Plucking Your Way to Success

Article and photos by Yulia Rock

Cleopatra, Maria Antoinette, Marlene Dietrich, Elizabeth Taylor, Audrey Hepburn, Twiggy, Madonna, Brooke Shields, Cara Delevingne–these are just some of the women famous not only for their talents but for their eyebrows.

Beauty trends need not only iconic women but also the artists who create them. One such artist is Sebastian Latiolais, a makeup artist for 20 years who began exploring eyebrow artistry 18 years ago.

Latiolais, 40, was born in Louisiana in the heart of Cajun Country’s bilingual, French and English, community. “Right in the swamps,” Latiolais said, recalling the humid climate and giant mosquitos. “My mother was only 15 when she married my father,” and 17 when she gave birth to her second child, Sebastian, he said. When his father was 19, he broke his back and had to stay largely in bed for years. So his mother had to financially support the entire family while cooking, cleaning and raising six children. His parents are still together.

Finding family life difficult and at times abusive, Latiolais found a refuge at the nearby Catholic Church and went there seven days a week. “It was my sanctuary,” he said. In 6th grade, he began organizing a youth group—he called it  retreat team—and by 7th grade over 60 junior high and high school students had joined.

Still, Latiolais could not wait to leave his town and family. As soon as he finished high school, Latiolais joined a team of evangelists.  “Out of 2,500 applicants from Louisiana, I was the only one who made it onto the team,” Latiolais said with a hint of pride. With the team, he traveled from city to city in the U.S. and Canada for a year. This experience inspired him to study adolescent therapy and marriage consulting at the Franciscan University of Steubenville in Ohio.

After graduating, he worked as a flight attendant at Northwest Airlines, based in Detroit; met the man he would marry, and discovered a passion for the beauty industry.

One off day Latiolais was on a photo set with his intended, Jeff, a fashion stylist. “I was blown away by a makeup artist who completely transformed the models,” Latiolais said, and he decided to do makeup on the side. To learn the basics, he hired a makeup artist to train him, studied  at the Michigan College of Beauty, then began working at a brow and makeup studio in Birmingham, Mich.

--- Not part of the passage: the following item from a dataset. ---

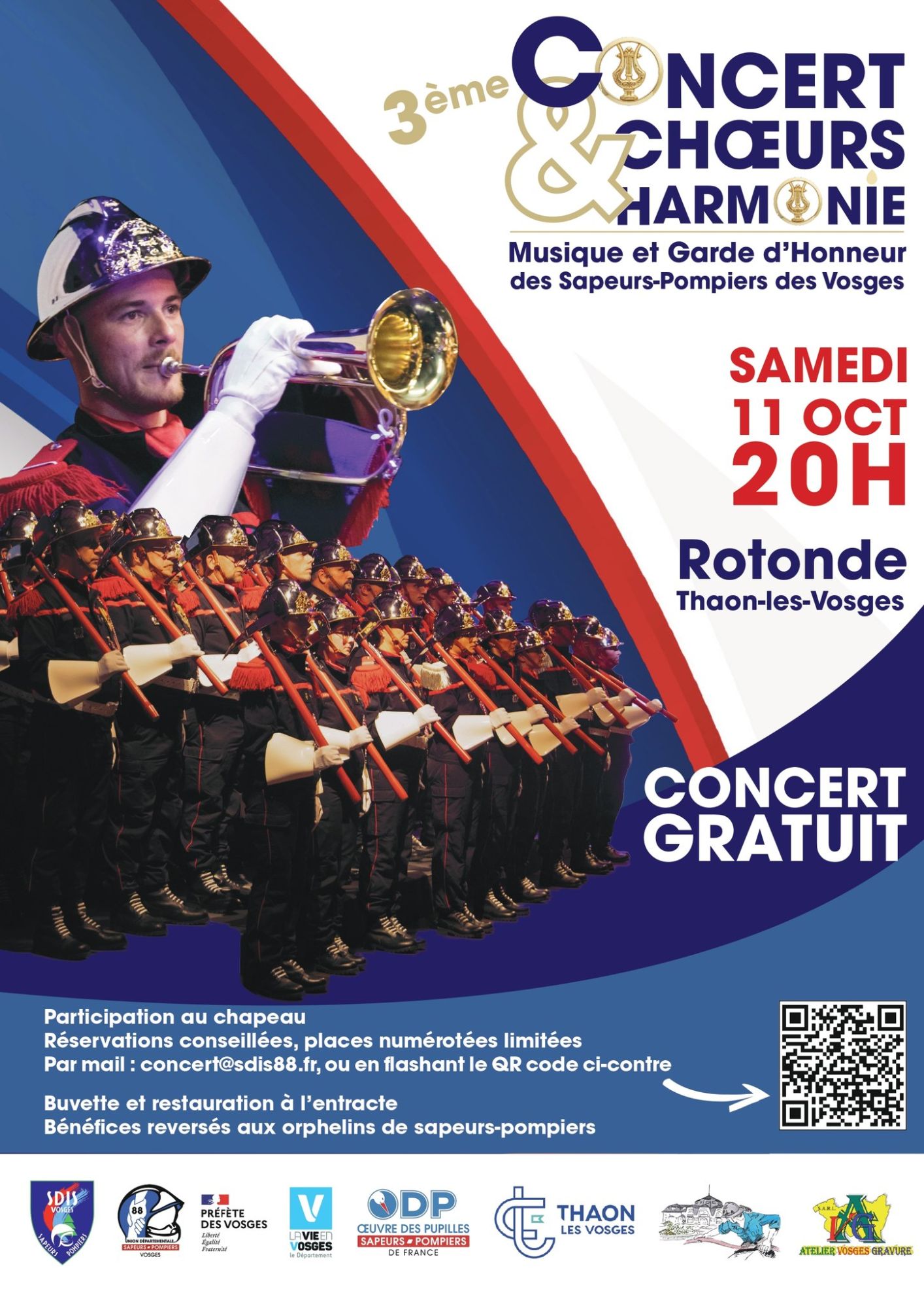 Concert caritatif des sapeurs-pompiers le 11 octobre à Thaon-les-Vosges au profit des pupilles et orphelins. Entrée libre, participation au chapeau.

There, he saw the power of eyebrows. “I would have clients with such bad eyebrows,” he said. “And to just balance out their faces, I started fixing eyebrows as my first step to makeup. Before I knew it, I had clients coming back every month for their eyebrows.”

Following a catastrophic car injury, Latiolais went home to his native Louisiana to heal, before returning to New York City to rebuild his career.

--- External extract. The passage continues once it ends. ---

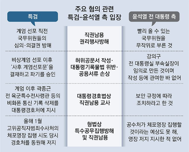 특검 “혐의 중대” 尹측 “잘못된 수사”
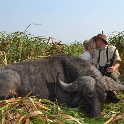 Vi nåede forbi de værste siv, og kom til et område med mere spredt siv bevoksning, og der var også fast grund under fødderne. Vi pürschede videre, og kunne pludselig se en bøffel, der gik græssende, 60-70 m fra os, op med skydestokken, og rifflen op, Sakkie snakkede stille og roligt, til mig, bare tag dig godt tid, jeg pustede langsomt ud, og skød første skud, bøflen satte i løb, skråt hen forbi os, jeg repeterede og skød 2. skud, jeg kunne også høre dette skuds anslag, jeg repeterede igen, fandt bøflen i kikkerten, men den var nu inden i noget langt siv, ca. 25 meter væk, jeg kunne kun se den i glimt, men jeg lod 3. skud gå, og så var den væk.

He also did makeup for photo shoots and worked with celebrities including LeAnn Rimes and Reese Witherspoon. But, when he was 33, a car accident put him in a wheelchair, “I lost all my feelings from my waist down,” Latiolais said. Doctors said he had 50/50 chance to walk again.

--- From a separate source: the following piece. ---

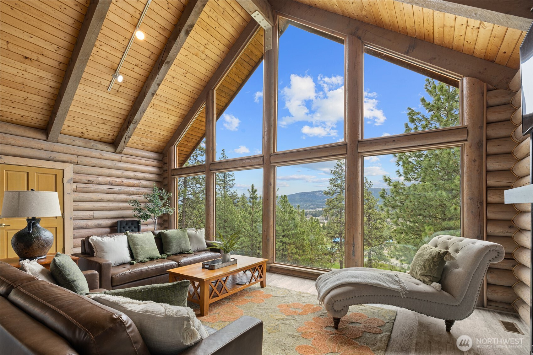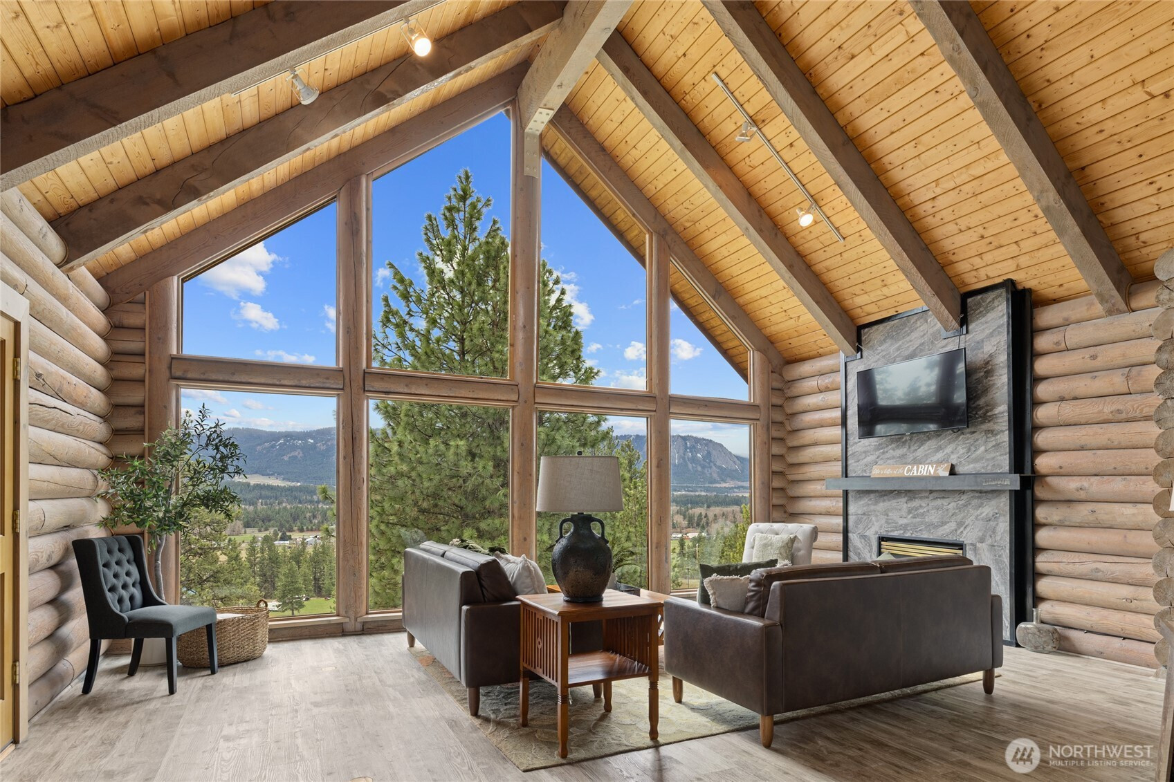 Breathtaking views at an amazing price! This stunning log home on 3 private acres perfectly balances country tranquility with everyday convenience—located mere minutes from Cle Elum. Soaring ceilings and expansive windows bathe the home in natural light, highlighting its warm, inviting interior. The main floor features a spacious primary suite with a gas fireplace, luxurious bath, and generous walk-in closet. The beautifully updated kitchen boasts sleek quartz countertops atop a large gathering island, ideal for entertaining. New LVP flooring throughout adds a touch of modern style and comfort. The finished daylight basement includes two bedrooms, two updated baths, and a generous bonus/media room, while the third-floor loft provides additional sleeping space, an ideal office location, or a cozy retreat. Two fenced areas and well-kept barns make this property a dream for animal lovers. Whether you’re looking for a full-time residence, peaceful getaway, or vacation rental, this mountain retreat offers endless possibilities.

“So I was shipped back to Louisiana,” he said, reunited with his family and, after long therapy he learned how to walk again and moved to New York City to start a new chapter of his life.

He has been living in New York for eight years, mostly in Harlem. At first, he worked in restaurants and did makeup for photo shoots on the side. Soon, the Gotham Beauty Lounge at Bryant Park hired him to do makeup and eyebrows.

“I just started giving away free eyebrows at Bryant Park to build my clientele,” Latiolais said,  while tweezing a client’s brows at his new salon on 45th Street. “I built a strong enough clientele to support me and my business, and three years ago, I opened my first Brows by Sebastian studio.” Latiolais stands 6’2″, has broad shoulders and genuine smile, and his five-star reviews on Yelp emphasize his vibrant personality.

He shares his studio with a hair salon; he has no investors, and is a self-funded sole proprietor. “I’m trying to see if I can pull it off myself,” he said.

His studio, unlike the previous one on the ground floor, is on the seventhth floor. “At first I was worried about it,” but then he noticed that clients felt exclusive, because “it’s hidden and private, you gotta really know us before you are coming.” His clientele is 40 percent male.

His junior artists’ rates begin at $35 for a 30-minute session; Latiolais charges $75 for 15 minutes. “We don’t do advertising, just word of mouth and referrals. Sixty percent of clients come from Yelp reviews,” Latiolais said. “From Instagram, we get two to three clients a week on average.”

For the past few years, beauty editors at Vogue, Allure, Galore and HuffPost have asked him to provide tips and tricks for the beauty articles.

Latiolais plans to open a studio in Beverly Hills. Then one in Miami. “My favorite part of my job is that over time I really became family with my clients,” Latiolais said.